GIVEN RECORDS:
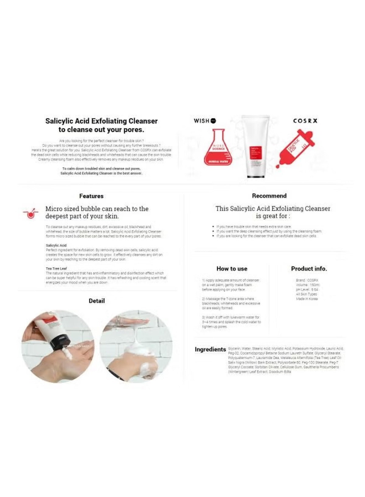 This creamy foaming cleanser deeply purifies pores, helping to prevent blackheads, whiteheads, and acne breakouts through gentle exfoliation. The salicylic acid helps control sebum production, making it ideal for oily and combination skin types. It leaves your skin feeling clean, balanced, and smooth with a healthy matte finish.
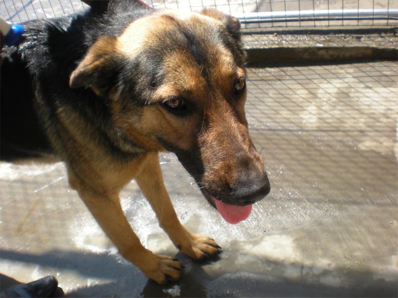 Max is a cross German shepherd, male, 14 months old, a stray and very friendly.
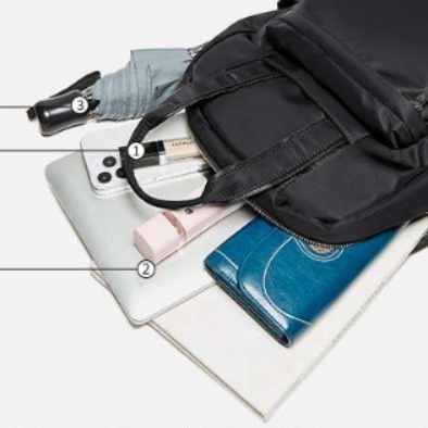 パソコン専用の独立した収納スペースがあり、14インチまでのデバイスを安全に持ち運びできます。
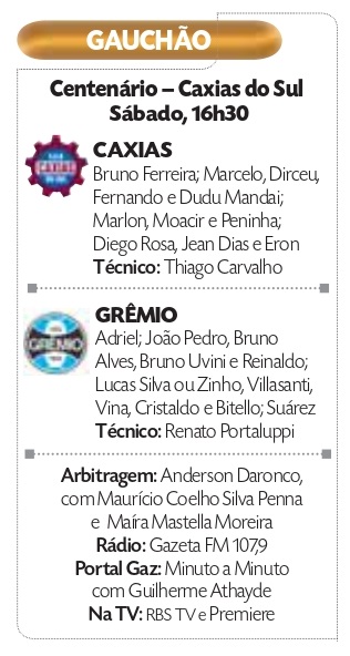 O técnico fez questão de descartar qualquer favoritismo gremista, ainda mais depois do susto levado na semifinal. “Aqui dentro não tem favoritismo. Pelo contrário. Os maiores exemplos que eu dou para meu grupo é o que está acontecendo no Brasil. A camisa não vai ganhar. São 11 contra 11. O Caxias tem todo o nosso respeito. O Caxias não chegou à toa. Eliminou nosso rival, e por méritos. É uma decisão de 180 minutos, 90 em Caxias, 90 na Arena. Todo cuidado é pouco”, disse Renato.
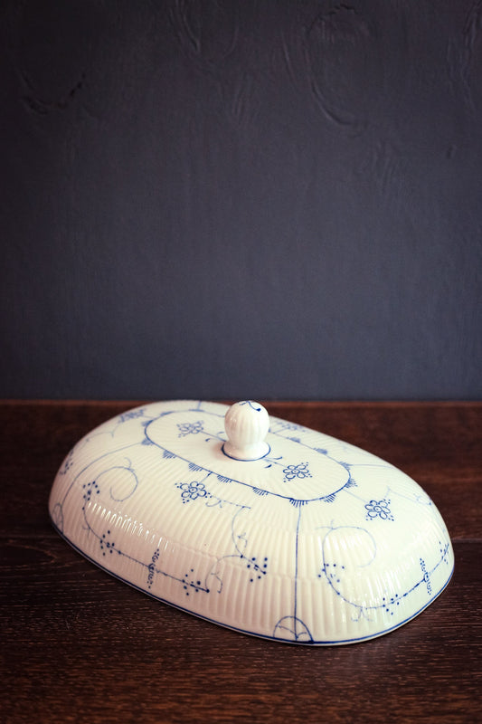 Antique Cover Villeroy & Boch Dresden Blue Fluted - Hand Painted Blue White China Rounded Rectangle Warming Cover Lid

ASSIGNED TASK:
From the line with "パソコン専用の独立した収納ス" through the final line of the data above, copy everything exactly, both ends included, but not the pictures.

REPLY:
 パソコン専用の独立した収納スペースがあり、14インチまでのデバイスを安全に持ち運びできます。
 O técnico fez questão de descartar qualquer favoritismo gremista, ainda mais depois do susto levado na semifinal. “Aqui dentro não tem favoritismo. Pelo contrário. Os maiores exemplos que eu dou para meu grupo é o que está acontecendo no Brasil. A camisa não vai ganhar. São 11 contra 11. O Caxias tem todo o nosso respeito. O Caxias não chegou à toa. Eliminou nosso rival, e por méritos. É uma decisão de 180 minutos, 90 em Caxias, 90 na Arena. Todo cuidado é pouco”, disse Renato.
 Antique Cover Villeroy & Boch Dresden Blue Fluted - Hand Painted Blue White China Rounded Rectangle Warming Cover Lid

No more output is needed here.